Task details: Repeat the listing verbatim. Drop any pictures.

Source records:
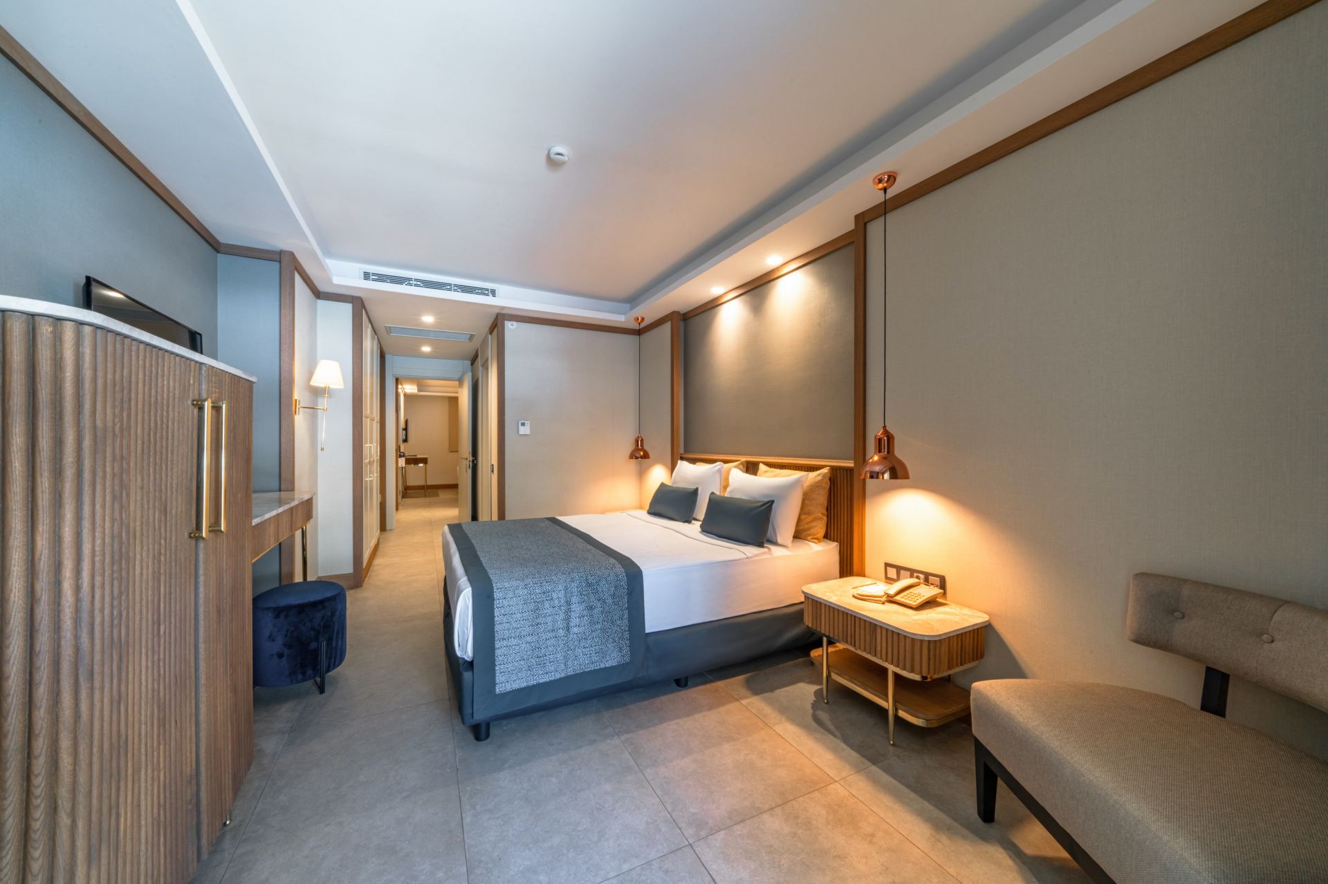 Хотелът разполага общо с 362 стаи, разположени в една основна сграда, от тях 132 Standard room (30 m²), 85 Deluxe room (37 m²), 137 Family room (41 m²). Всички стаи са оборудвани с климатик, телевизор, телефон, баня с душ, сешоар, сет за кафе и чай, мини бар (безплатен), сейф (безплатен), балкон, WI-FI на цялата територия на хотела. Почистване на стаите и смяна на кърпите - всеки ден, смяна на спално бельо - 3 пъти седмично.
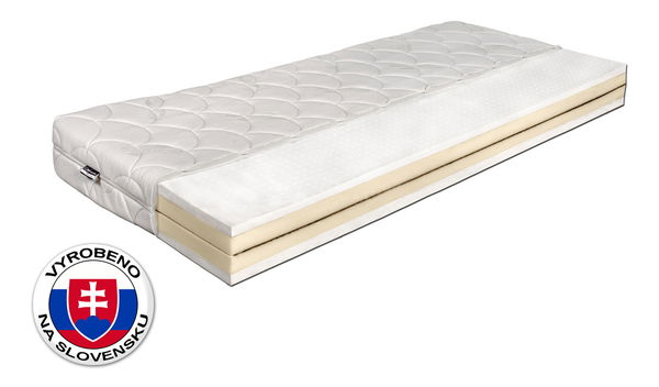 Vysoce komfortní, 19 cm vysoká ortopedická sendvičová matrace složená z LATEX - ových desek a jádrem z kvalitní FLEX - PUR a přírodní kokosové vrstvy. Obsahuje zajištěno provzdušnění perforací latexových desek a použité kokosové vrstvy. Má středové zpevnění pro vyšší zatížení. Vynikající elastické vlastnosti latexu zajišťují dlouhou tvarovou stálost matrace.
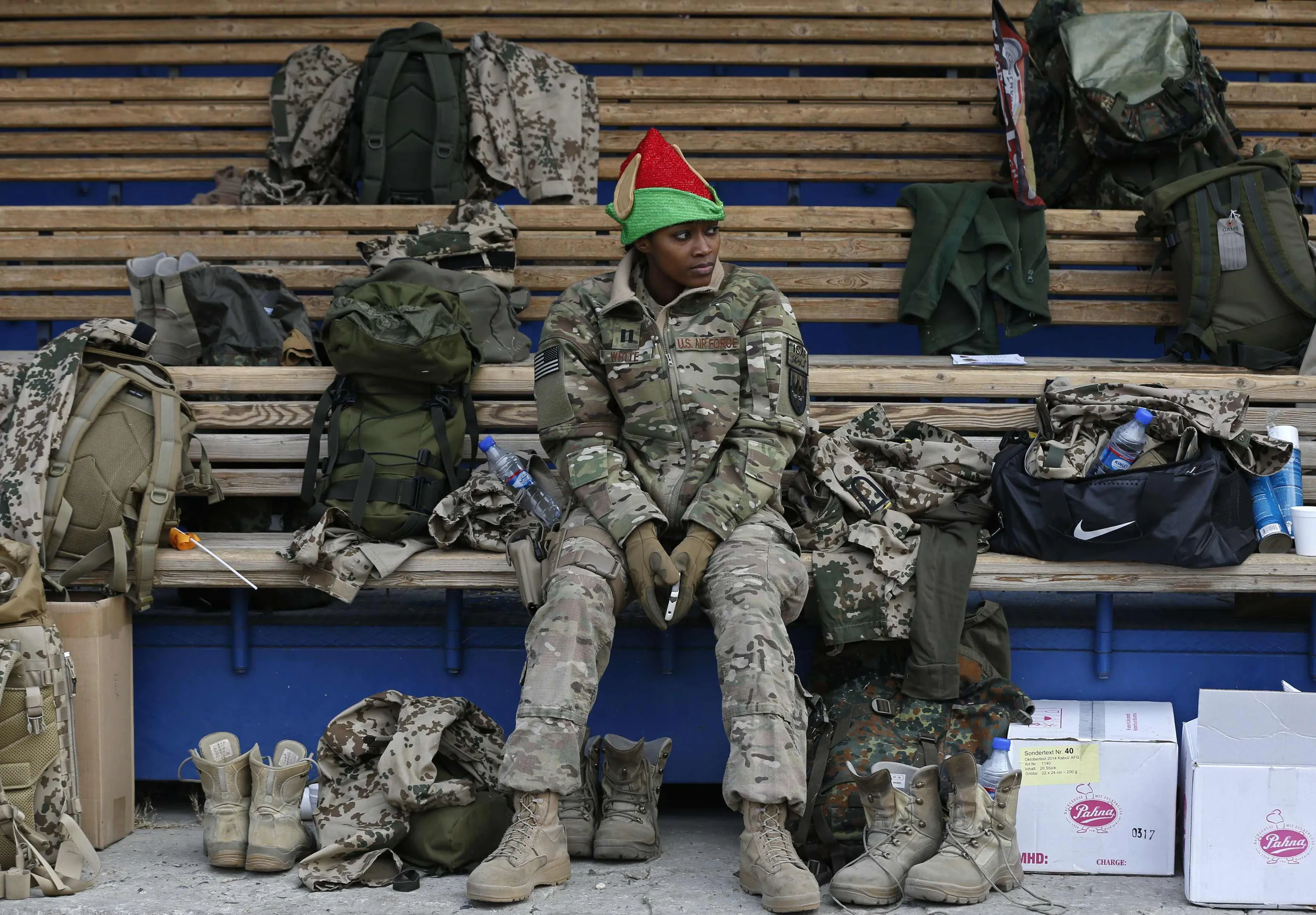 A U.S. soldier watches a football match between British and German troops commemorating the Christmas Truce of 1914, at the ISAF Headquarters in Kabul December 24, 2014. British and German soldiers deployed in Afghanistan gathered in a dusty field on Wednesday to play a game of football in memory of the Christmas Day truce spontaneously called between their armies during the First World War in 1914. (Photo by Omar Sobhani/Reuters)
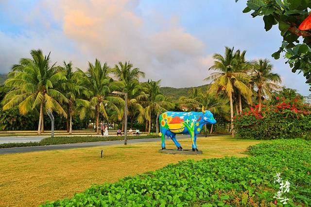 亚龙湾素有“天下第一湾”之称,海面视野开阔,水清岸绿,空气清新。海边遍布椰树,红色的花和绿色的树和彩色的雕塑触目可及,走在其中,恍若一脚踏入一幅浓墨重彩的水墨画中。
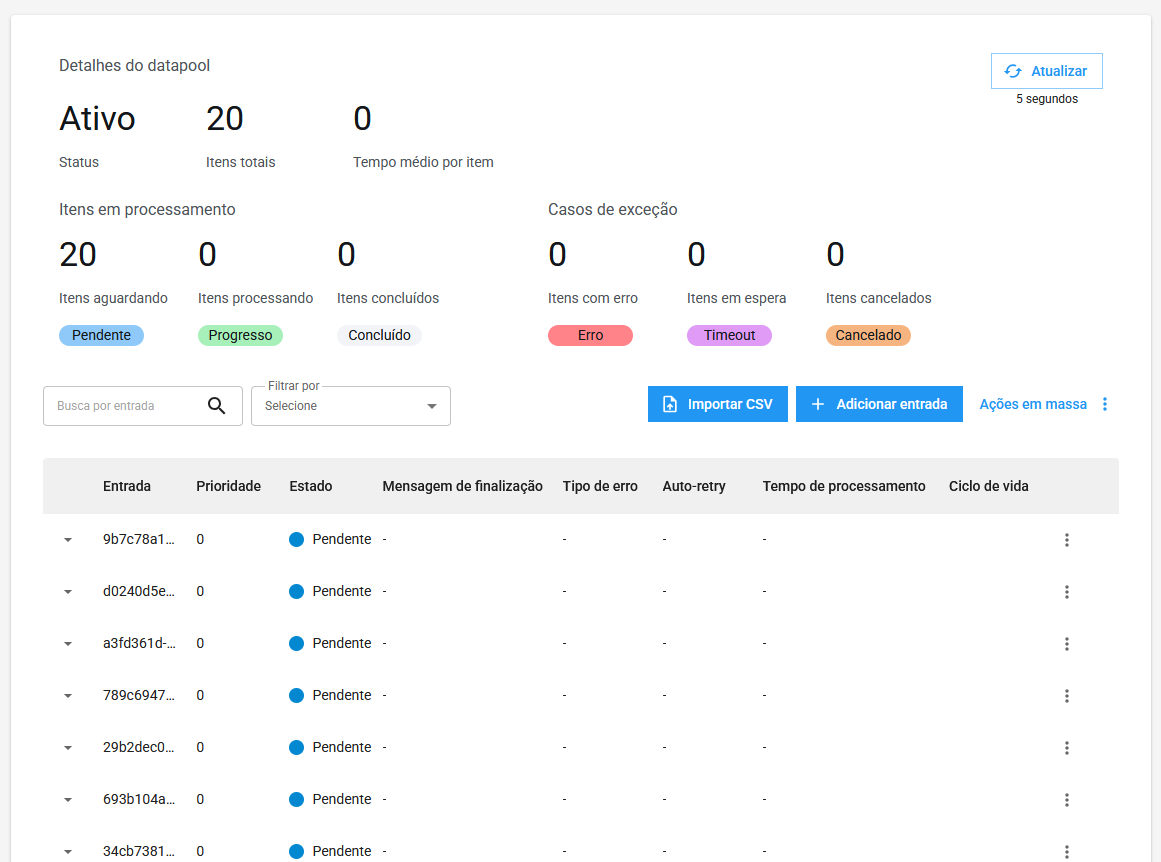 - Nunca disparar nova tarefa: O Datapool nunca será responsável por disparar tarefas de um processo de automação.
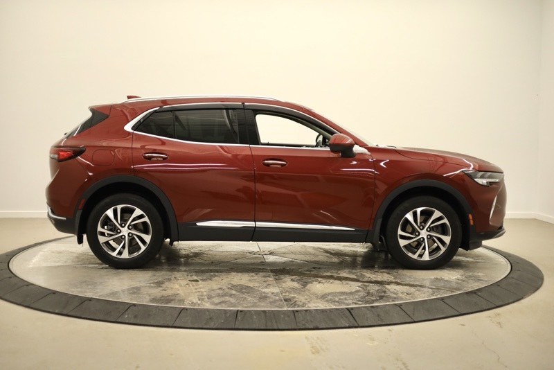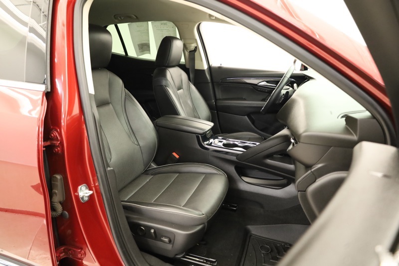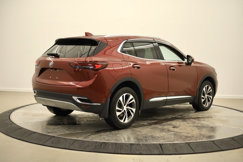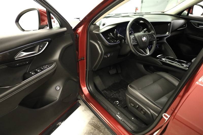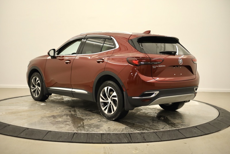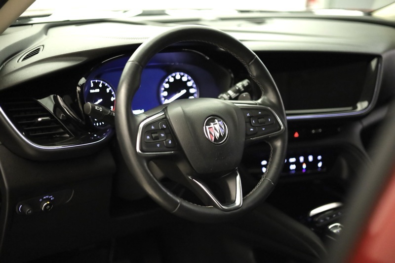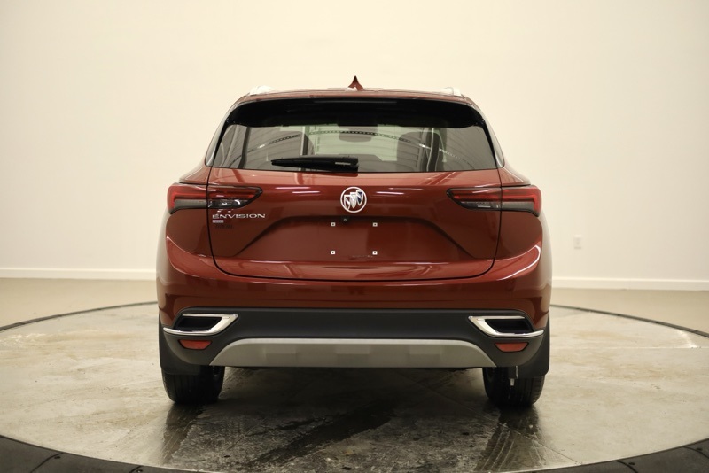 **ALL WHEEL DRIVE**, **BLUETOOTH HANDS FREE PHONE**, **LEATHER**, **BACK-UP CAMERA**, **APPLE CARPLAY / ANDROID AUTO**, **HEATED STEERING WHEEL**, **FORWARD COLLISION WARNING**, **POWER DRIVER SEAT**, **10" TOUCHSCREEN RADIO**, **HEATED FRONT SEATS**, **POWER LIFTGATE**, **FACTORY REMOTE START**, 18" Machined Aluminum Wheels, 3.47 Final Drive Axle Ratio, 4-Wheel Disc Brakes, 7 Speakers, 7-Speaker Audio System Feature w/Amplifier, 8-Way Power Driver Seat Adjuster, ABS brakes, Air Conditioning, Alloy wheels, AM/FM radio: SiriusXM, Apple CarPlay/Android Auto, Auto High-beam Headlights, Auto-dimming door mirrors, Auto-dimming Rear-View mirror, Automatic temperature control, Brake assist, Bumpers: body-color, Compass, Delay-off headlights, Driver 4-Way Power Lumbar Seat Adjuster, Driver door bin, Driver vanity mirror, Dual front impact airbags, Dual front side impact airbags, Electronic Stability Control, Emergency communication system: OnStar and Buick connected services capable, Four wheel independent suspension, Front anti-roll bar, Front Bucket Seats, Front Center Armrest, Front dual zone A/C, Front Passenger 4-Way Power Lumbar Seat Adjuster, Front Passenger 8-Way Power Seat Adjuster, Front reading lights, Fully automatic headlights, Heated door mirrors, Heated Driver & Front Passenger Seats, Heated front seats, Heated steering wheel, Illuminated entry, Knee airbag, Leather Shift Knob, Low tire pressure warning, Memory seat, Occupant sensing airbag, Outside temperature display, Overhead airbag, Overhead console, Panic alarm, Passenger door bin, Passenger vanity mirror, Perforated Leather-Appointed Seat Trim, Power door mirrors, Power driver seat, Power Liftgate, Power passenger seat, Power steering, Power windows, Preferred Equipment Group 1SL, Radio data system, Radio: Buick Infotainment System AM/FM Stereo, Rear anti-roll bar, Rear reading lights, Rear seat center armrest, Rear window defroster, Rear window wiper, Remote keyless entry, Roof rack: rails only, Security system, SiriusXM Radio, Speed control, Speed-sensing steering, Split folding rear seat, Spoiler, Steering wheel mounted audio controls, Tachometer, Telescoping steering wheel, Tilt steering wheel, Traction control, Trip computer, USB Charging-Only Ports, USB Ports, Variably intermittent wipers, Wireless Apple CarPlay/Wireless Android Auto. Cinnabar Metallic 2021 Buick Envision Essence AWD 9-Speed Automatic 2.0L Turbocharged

Expected output:
 Хотелът разполага общо с 362 стаи, разположени в една основна сграда, от тях 132 Standard room (30 m²), 85 Deluxe room (37 m²), 137 Family room (41 m²). Всички стаи са оборудвани с климатик, телевизор, телефон, баня с душ, сешоар, сет за кафе и чай, мини бар (безплатен), сейф (безплатен), балкон, WI-FI на цялата територия на хотела. Почистване на стаите и смяна на кърпите - всеки ден, смяна на спално бельо - 3 пъти седмично.
 Vysoce komfortní, 19 cm vysoká ortopedická sendvičová matrace složená z LATEX - ových desek a jádrem z kvalitní FLEX - PUR a přírodní kokosové vrstvy. Obsahuje zajištěno provzdušnění perforací latexových desek a použité kokosové vrstvy. Má středové zpevnění pro vyšší zatížení. Vynikající elastické vlastnosti latexu zajišťují dlouhou tvarovou stálost matrace.
 A U.S. soldier watches a football match between British and German troops commemorating the Christmas Truce of 1914, at the ISAF Headquarters in Kabul December 24, 2014. British and German soldiers deployed in Afghanistan gathered in a dusty field on Wednesday to play a game of football in memory of the Christmas Day truce spontaneously called between their armies during the First World War in 1914. (Photo by Omar Sobhani/Reuters)
 亚龙湾素有“天下第一湾”之称,海面视野开阔,水清岸绿,空气清新。海边遍布椰树,红色的花和绿色的树和彩色的雕塑触目可及,走在其中,恍若一脚踏入一幅浓墨重彩的水墨画中。
 - Nunca disparar nova tarefa: O Datapool nunca será responsável por disparar tarefas de um processo de automação.
 **ALL WHEEL DRIVE**, **BLUETOOTH HANDS FREE PHONE**, **LEATHER**, **BACK-UP CAMERA**, **APPLE CARPLAY / ANDROID AUTO**, **HEATED STEERING WHEEL**, **FORWARD COLLISION WARNING**, **POWER DRIVER SEAT**, **10" TOUCHSCREEN RADIO**, **HEATED FRONT SEATS**, **POWER LIFTGATE**, **FACTORY REMOTE START**, 18" Machined Aluminum Wheels, 3.47 Final Drive Axle Ratio, 4-Wheel Disc Brakes, 7 Speakers, 7-Speaker Audio System Feature w/Amplifier, 8-Way Power Driver Seat Adjuster, ABS brakes, Air Conditioning, Alloy wheels, AM/FM radio: SiriusXM, Apple CarPlay/Android Auto, Auto High-beam Headlights, Auto-dimming door mirrors, Auto-dimming Rear-View mirror, Automatic temperature control, Brake assist, Bumpers: body-color, Compass, Delay-off headlights, Driver 4-Way Power Lumbar Seat Adjuster, Driver door bin, Driver vanity mirror, Dual front impact airbags, Dual front side impact airbags, Electronic Stability Control, Emergency communication system: OnStar and Buick connected services capable, Four wheel independent suspension, Front anti-roll bar, Front Bucket Seats, Front Center Armrest, Front dual zone A/C, Front Passenger 4-Way Power Lumbar Seat Adjuster, Front Passenger 8-Way Power Seat Adjuster, Front reading lights, Fully automatic headlights, Heated door mirrors, Heated Driver & Front Passenger Seats, Heated front seats, Heated steering wheel, Illuminated entry, Knee airbag, Leather Shift Knob, Low tire pressure warning, Memory seat, Occupant sensing airbag, Outside temperature display, Overhead airbag, Overhead console, Panic alarm, Passenger door bin, Passenger vanity mirror, Perforated Leather-Appointed Seat Trim, Power door mirrors, Power driver seat, Power Liftgate, Power passenger seat, Power steering, Power windows, Preferred Equipment Group 1SL, Radio data system, Radio: Buick Infotainment System AM/FM Stereo, Rear anti-roll bar, Rear reading lights, Rear seat center armrest, Rear window defroster, Rear window wiper, Remote keyless entry, Roof rack: rails only, Security system, SiriusXM Radio, Speed control, Speed-sensing steering, Split folding rear seat, Spoiler, Steering wheel mounted audio controls, Tachometer, Telescoping steering wheel, Tilt steering wheel, Traction control, Trip computer, USB Charging-Only Ports, USB Ports, Variably intermittent wipers, Wireless Apple CarPlay/Wireless Android Auto. Cinnabar Metallic 2021 Buick Envision Essence AWD 9-Speed Automatic 2.0L Turbocharged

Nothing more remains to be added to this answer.